I often give advice to others in these areas and speak to my friends and family about the dangers of having low self-worth, a lack of self-love and possessing low self-esteem. I am able to give people suggestions on how to improve in those areas and many of them are able to take my advance and make positive adjustments in their life.
But for some reason, while I was improving in those areas I was still riddled by them. In my own life the improvements in those areas were moving at a snail’s pace. It was very frustrating to know what was wrong with an area of my life but not be consciously aware of how to fix it.
I felt stuck.
I knew the problem, but could not determine how to deploy a plan of action in my own life!
Sadly, I was still allowing myself to be a doormat and for the life of me I could not figure out how to get off the floor!
I was very emotionally vulnerable and while I knew better mentally – emotionally I was a wreck!
It is my firm belief that my failure to be true to myself wasn’t just showing up within my romantic life. In all honesty I was going through turmoil in almost every area of my life and I was desperately clinging for a sense of normalcy. I wanted better for myself, I wanted the chaos that was surrounding me to ease. And I knew that it all started with me. I had to work through the chaos within myself.
After much reflection, I have come to the conclusion of why I had a weak no. I had a weak no because I didn’t really see my worth and value.
The reason I could encourage others to see their worth and value and not myself was because I thought that everyone was valuable – well, everyone except for me.
Understand that I knew I was valuable, but I did not believe I was valuable, therefore I did not feel valuable. I could not act upon what I did not believe or feel to be true, even though deep down I knew better.
Understand you can know something in your spirit but not believe it in your mind and then you will feel such away about it, that your body will act contrary to what you know to be true.
I am not really sure where it started but somewhere inside of myself I decided that I had to take scraps from the men I cared about because I wasn’t worthy of more. I remember at one point my self-esteem was so ridiculously low that I actually thought I was too ugly and too much of a burden for any man to ever want to be with me. I would try to push men away because of this.
However, I erroneously believed that if a guy was crazy enough to like someone as insignificant as me and I felt attracted to him then I had to do practically anything to keep the relationship before he realized how worthless I was and left.
And yet simultaneously I possessed such a strong fear of rejection that at slightest hint that he might be thinking negatively of me I would try to leave him before he could leave me.

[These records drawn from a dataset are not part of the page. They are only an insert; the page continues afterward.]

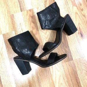 Very Volatile Black Snakeskin Stacked Heels Size 9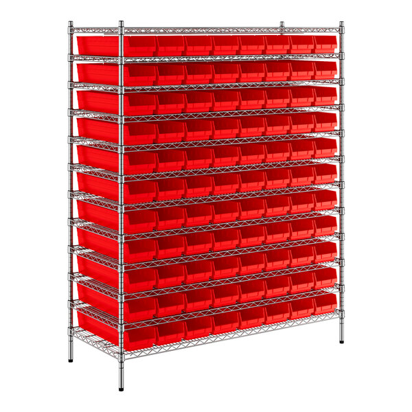 View All ItemsMaintain an organized industrial space with this Regency 24" x 60" x 74" wire shelving unit with 88 red bins.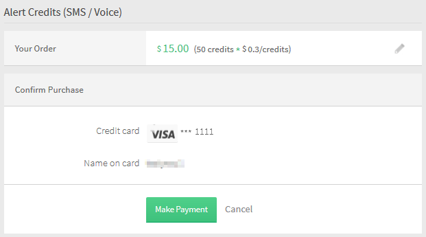 - Verify your alert credit count and click Make Payment to purchase additional credits.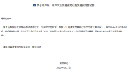 同日,浦發(fā)銀行也發(fā)布公告稱,自2020年4月28日早8點起,該行暫停賬戶銅、賬戶大豆產(chǎn)品的開倉交易(市價、掛單開倉交易均無法成交),合約到期后無法展期?,F(xiàn)有持倉客戶的平倉交易不受影響。?此前浦發(fā)銀行于4月23日發(fā)布公告自4月24日起暫停賬戶原油產(chǎn)品的開倉交易。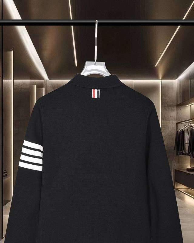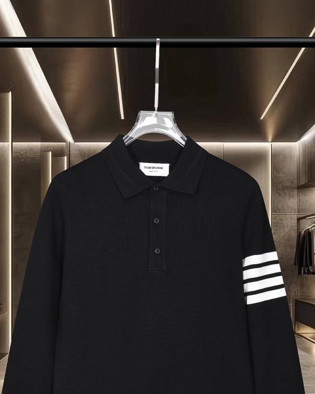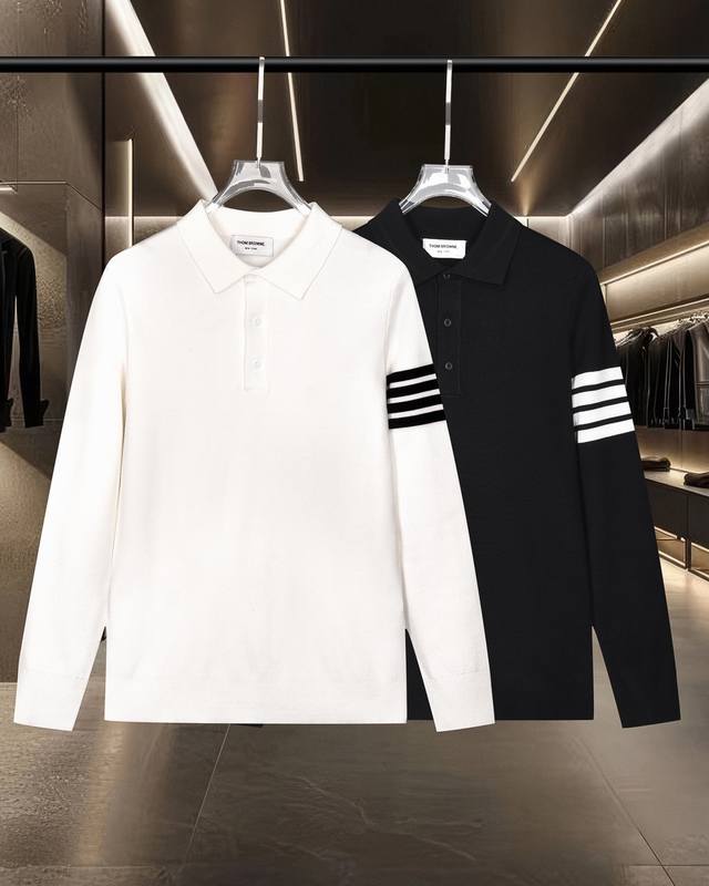 Thom Browne Tb basic classic colorblock four-bar knitted lapel polo sweater. 2025Fw official website new original fabric. High-end version of the same imported wool knit fabric. Custom-made fabric for breathability and comfort. Exquisitely crafted with impeccable detailing, custom-engraved buttons with logos, and all three labels. Brand elements and design concepts reflect high quality. Soft and smooth feel! A casual cut with a great fit. Colors: black and white. Sizes: M-Xxl.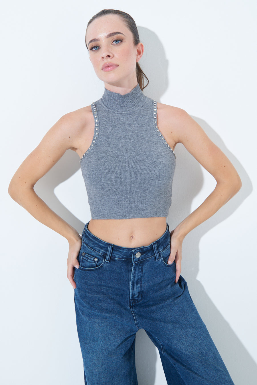 Mouwloze gebreide top met hoge hals en studs groothandel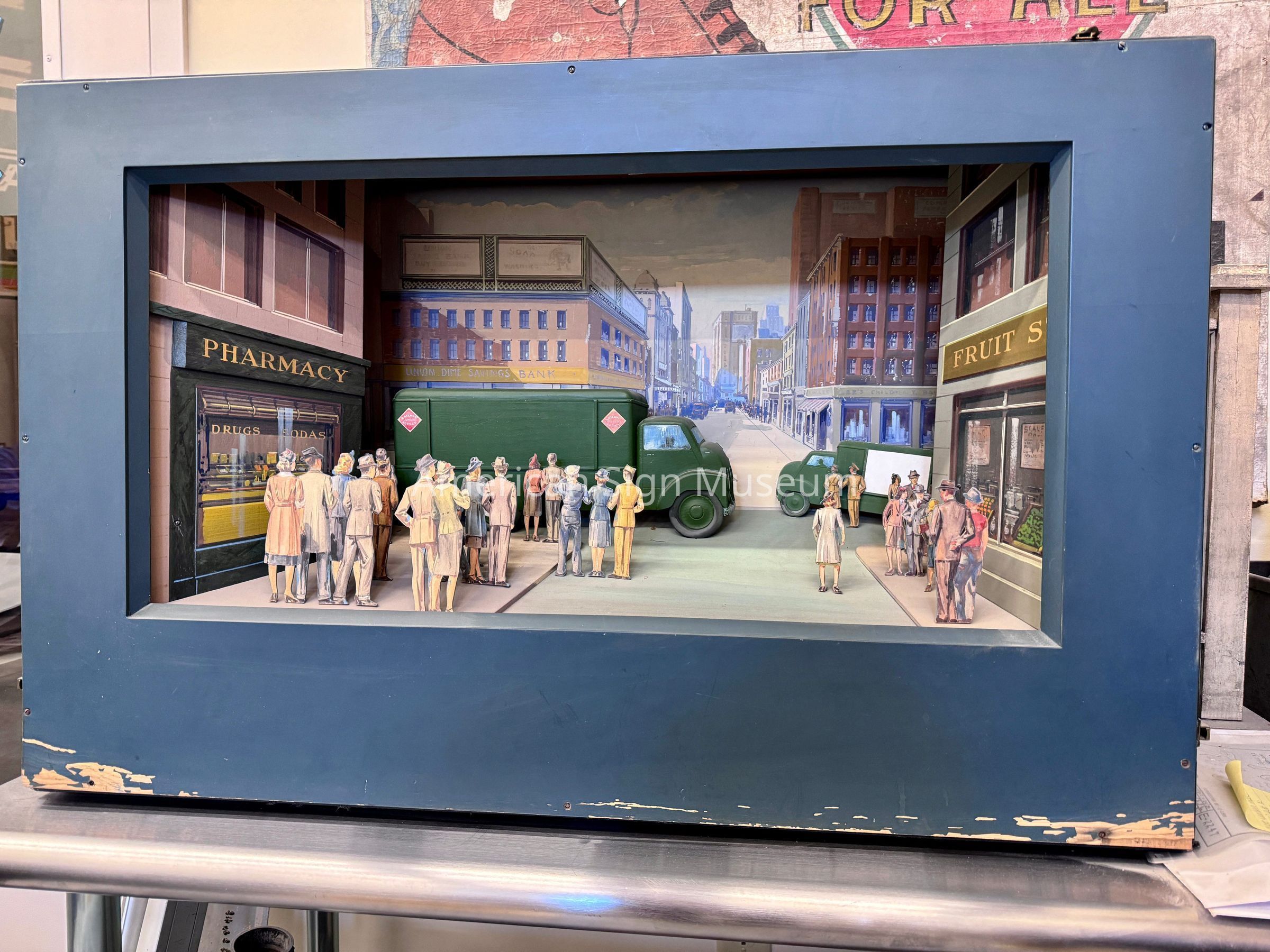 A 3D architectural model/diorama made by Douglas Leigh, famed Broadway sign designer. The diorama features hand-painted figures and storefronts as well as a hand-carved, painted truck. The display was created for a presentation to secure the leasing rights for the ads on the sides of Railway Express Agency trucks.Collection

I was living in a mess of emotions dictated by my own internal thoughts.
One major experience that pointed my thought process in that direction happened back when I was 15. My parents separated and my dad decided that he no longer wanted to be a part of my life. I remember thinking, my dad has known me for 15 years and he doesn’t want to know me any more. I thought who could be better at making a judgment call of my value to men than my father – the male blood relative, who helped create me and who was one of my house mates of 15 years. If my own father doesn’t want to know me why on earth would anyone else?
In my warped 15 year old mind the seed was planted that if my own father doesn’t want to spend time with me, attend my graduation, walk me down the aisle, be there for the birth of my children, for holidays and to support me emotionally then why on earth would any other man?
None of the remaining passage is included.